We present the first fast solver for the high-frequency Helmholtz equation that scales optimally in parallel for a single right-hand side. The L-sweeps approach achieves this scalability by departing from the usual propagation pattern, in which information flows in a ${180}^{\circ }$ degree cone from interfaces in a layered decomposition. Instead, with L-sweeps, information propagates in ${90}^{\circ }$ cones induced by a Cartesian domain decomposition (CDD). We extend the notion of accurate transmission conditions to CDDs and introduce a new sweeping strategy to efficiently track the wave fronts as they propagate through the CDD. The new approach decouples the subdomains at each wave front, so that they can be processed in parallel, resulting in better parallel scalability than previously demonstrated in the literature. The method has an overall $\mathcal{O}((N/p)\log \omega )$ empirical run-time for $N=n^d$ total degrees-of-freedom in a d-dimensional problem, frequency ω, and $p=\mathcal{O}(n)$ processors. We introduce the algorithm and provide a complexity analysis for our parallel implementation of the solver.
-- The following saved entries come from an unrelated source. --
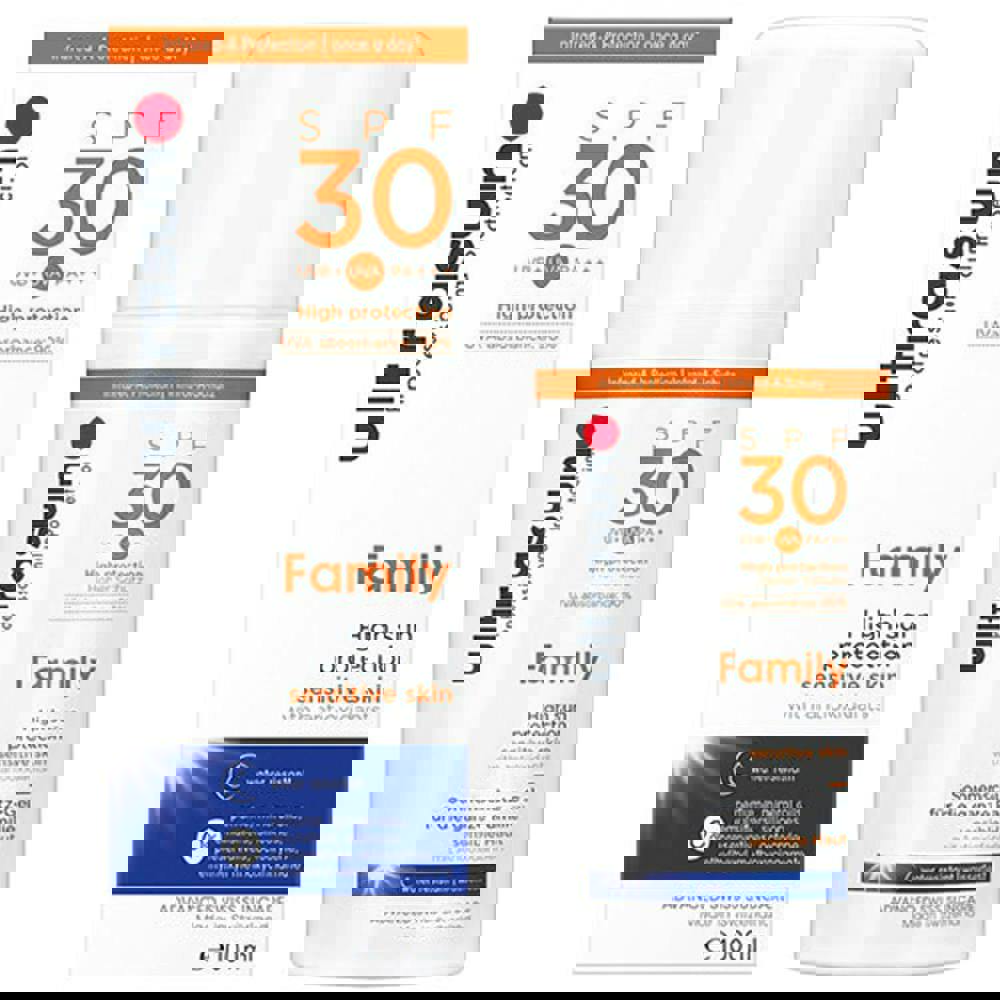Ultrasun's Super Sensitive Family SPF 30 comes with an airless pump dispenser to prevent product deterioration and contamination.
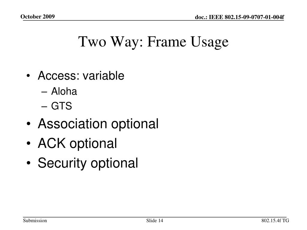 Two Way: Frame Usage • Access: variable • Aloha • GTS • Association optional • ACK optional • Security optional 802.15.4f TG
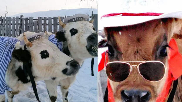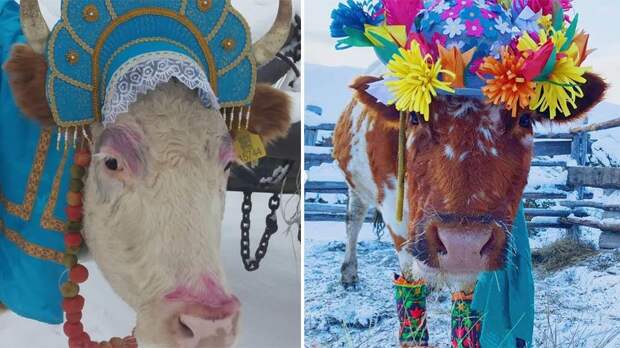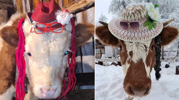Юзеры принялись делиться снимками в своих соцсетях.Так, на одном из фото "рогатая красавица" одета в яркий кокошник, бусы и голубую накидку. Другая же модница примерила на себя образ, похожий на наряд знаменитой актрисы Одри Хэпберн - животное одето в белую широкополую шляпу, темные солнцезащитные очки, а на шею ей повязали кокетливый красный шарфик.
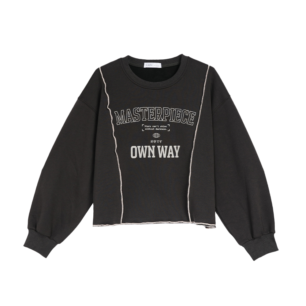 小翅膀捲邊拼接長袖上衣

We corroborate all claims in several two- and three-dimensional numerical examples involving constant, smooth, and discontinuous wave speeds.

我们为高频亥姆霍兹方程式提供了第一个快速求解器，该方程式可以在单个右侧并行最佳缩放。L扫描方法通过偏离通常的传播模式来实现这种可扩展性，在常规传播模式中，信息在${180}^{\circ }$锥度从界面上分层分解。相反，通过L扫描，信息传播到${90}^{\circ }$笛卡尔域分解（CDD）诱导的视锥细胞。我们将精确的传输条件的概念扩展到CDD，并引入了一种新的扫描策略，可以在波前传播通过CDD时有效地跟踪波前。新方法在每个波阵面解耦子域，以便可以并行处理它们，从而获得比以前文献中更好的并行可伸缩性。该方法有一个整体$\mathcal{Ø}（（ñ/p）\mathrm{日志}\omega ）$ 的经验运行时间 $ñ={ñ}^d$d维问题的总自由度，频率ω和$p=\mathcal{Ø}（ñ）$处理器。我们介绍了该算法，并为我们的求解器并行实现提供了复杂性分析。我们在涉及恒定，平滑和不连续波速的几个二维和三维数值示例中证实了所有主张。